● **PROBLEM**
Your task is to transcribe all of the data below exactly, omitting the images.

#### DATA SEGMENT

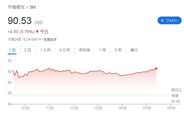 3Mは前日比+5.76%、
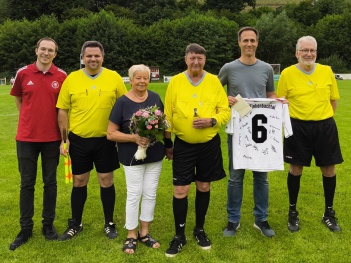 Dabei beschränkt sich sein Engagement keineswegs auf das Schiedsrichterwesen: Als Vorsitzender des FC Finkenbach, als Klassenleiter und in vielen weiteren Funktionen lebt bzw. lebte Gerd den Fußball mit jeder Faser. Unterstützt wurde das Ehrungsspiel von seinen Assistenten Thorsten Schenk (KLW) und Klaus Ehrhard (Beisitzer Ansetzungen), als langjährige Weggefährten.
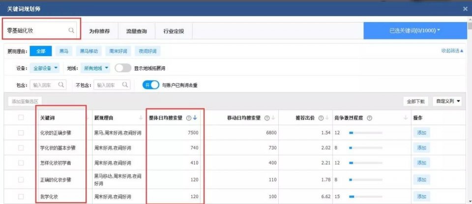 比如你做化妆品的可以去挖掘一些:“零基础化妆视频教程、免费学化妆视频教程”等等这样的相关关键词,一般情况下利用这样的关键词做好视频的时候,不需要再去做过多的操作,即可获得良好的排名。可以借助百度关键词规划工具去挖掘关键词!如下图:

########

● **SOLVED PROBLEM**
 3Mは前日比+5.76%、
 Dabei beschränkt sich sein Engagement keineswegs auf das Schiedsrichterwesen: Als Vorsitzender des FC Finkenbach, als Klassenleiter und in vielen weiteren Funktionen lebt bzw. lebte Gerd den Fußball mit jeder Faser. Unterstützt wurde das Ehrungsspiel von seinen Assistenten Thorsten Schenk (KLW) und Klaus Ehrhard (Beisitzer Ansetzungen), als langjährige Weggefährten.
 比如你做化妆品的可以去挖掘一些:“零基础化妆视频教程、免费学化妆视频教程”等等这样的相关关键词,一般情况下利用这样的关键词做好视频的时候,不需要再去做过多的操作,即可获得良好的排名。可以借助百度关键词规划工具去挖掘关键词!如下图:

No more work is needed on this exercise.